Did you know that 72% of consumers expect companies to understand their unique needs and expectations, and that 66% would switch brands if they felt treated like a number, not an individual? Consumers are on a quest for relevance and expect brands to play a role in this.
FROM MASTERY TO INTIMACY
For centuries, businesses were focusing on mastery, or growing superiority in a certain domain or strategic focus. It was all about doing things better, faster or cheaper. Car manufacturer Toyota is exemplary in this pursuit of excellence. In 1951, it installed its so-called ‘Creative Idea and Suggestion System’ (CISS), which allows every employee, regardless of their role or focus, to make suggestions on ways to improve the production process.

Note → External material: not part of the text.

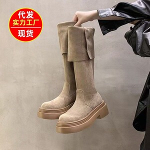 英伦风厚底2025新款秋冬季过膝绒面女款显瘦高筒骑士靴

Yet as one becomes so obsessed with continuously improving products, services and processes, one loses sight of whom they are doing it for, and that is the consumer.

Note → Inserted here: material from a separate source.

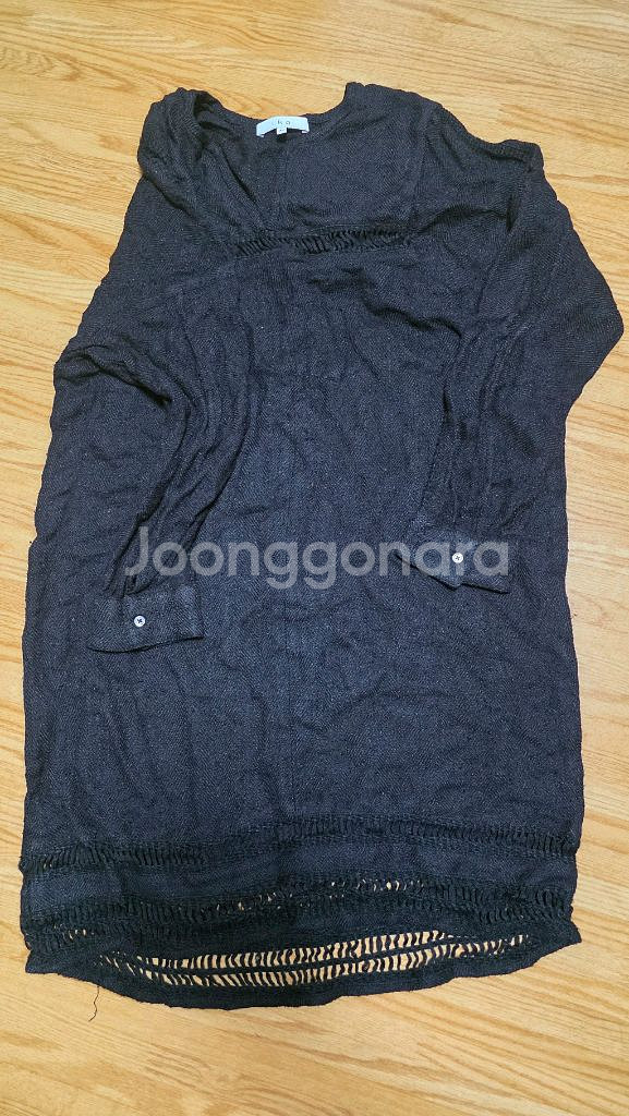사용감 있어요. 소재가 비스코스인데 톡톡한 린네 느낌 나요. 원래 한두번 입어도 일어나는 소재인데 자연스러운 느낌으로 필링 아니고 뜯김 있어요. 선물 받아서 정품 여부 몰라요. 툭 떨어지는 스타일이고 가슴 위 스커트 하단, 팔에 펀칭 되어 있어서 이너 입거나 그냥 노출 하시면 돼요. 실측은 대략 가슴반 56 총장 90 편의점반값택배 포함 2만원

“When your eyes are only looking at the organization, your ass is facing the customer.” – Yudai
FROM CONSUMER INTELLIGENCE TO CONSUMER CENTRICITY
To survive and even thrive in these turbulent times, businesses around the world need to keep the finger on the pulse to understand the consumers’ changing needs and wants. As Zhang Ruimin, founder and CEO of Haier, rightly points out: “There are no great companies, only relevant companies”. This requires commitment to listen to the voice of the consumer, and installing a culture and infrastructure where consumers are an integral part of the business.

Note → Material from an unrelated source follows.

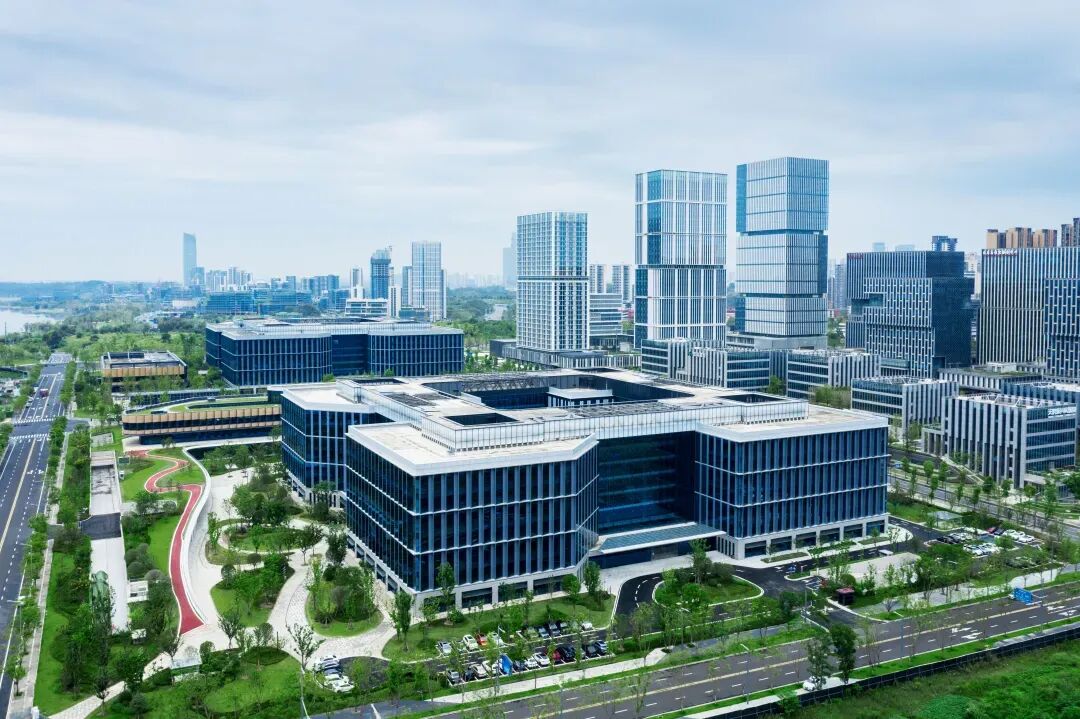 在成都兴隆湖畔以东、鹿溪河畔拐角,矗立着一座科技园区,是前不久刚开园的海康威视成都科技园,总建筑面积35万平方米,可同时满足超万人的研发办公需求,是海康威视单体占地面积最大的研发园区。

Yet, there seems to exist a large gap between what companies say and what they do. Research by Capgemini with more than 3,000 consumers and 600 executives has shown that while 75% of organizations claim to be consumer-centric, only 30% of consumers agree that they are. So where does the problem lie? We can identify three different gaps organizations need to close in order to drive consumer centric thinking: the empathy gap, the relevance gap and the experience gap.
1. EMPATHY GAP
The empathy gap is the gap between the daily reality and context of consumer lives, and that of business stakeholders working for brands. This can be closed by connecting brand stakeholders with the consumer reality and developing a more consumer-intuitive organizational culture.
2. RELEVANCE GAP
The relevance gap is the gap between the needs and frictions consumers have, and the solutions the brand (wants to) offer(s) to the market. We can close this gap by getting brands to collaborate with consumers to better understand their needs and frictions, and developing the most impactful solutions to address these frictions.
3. EXPERIENCE GAP
The experience gap is the gap between daily experiences of consumers with the brand, and the choices the brand makes to deliver to consumers. This can be decreased by collecting and listening to (real-time) consumer feedback about brand experiences, and triggering (real-time) actions to improve business performance.
Many consumer-centricity efforts are still focused on closing that relevance gap, yet consumer-centric organizations need to actively work on all three levels, by connecting with, collaborating with, and listening to consumers.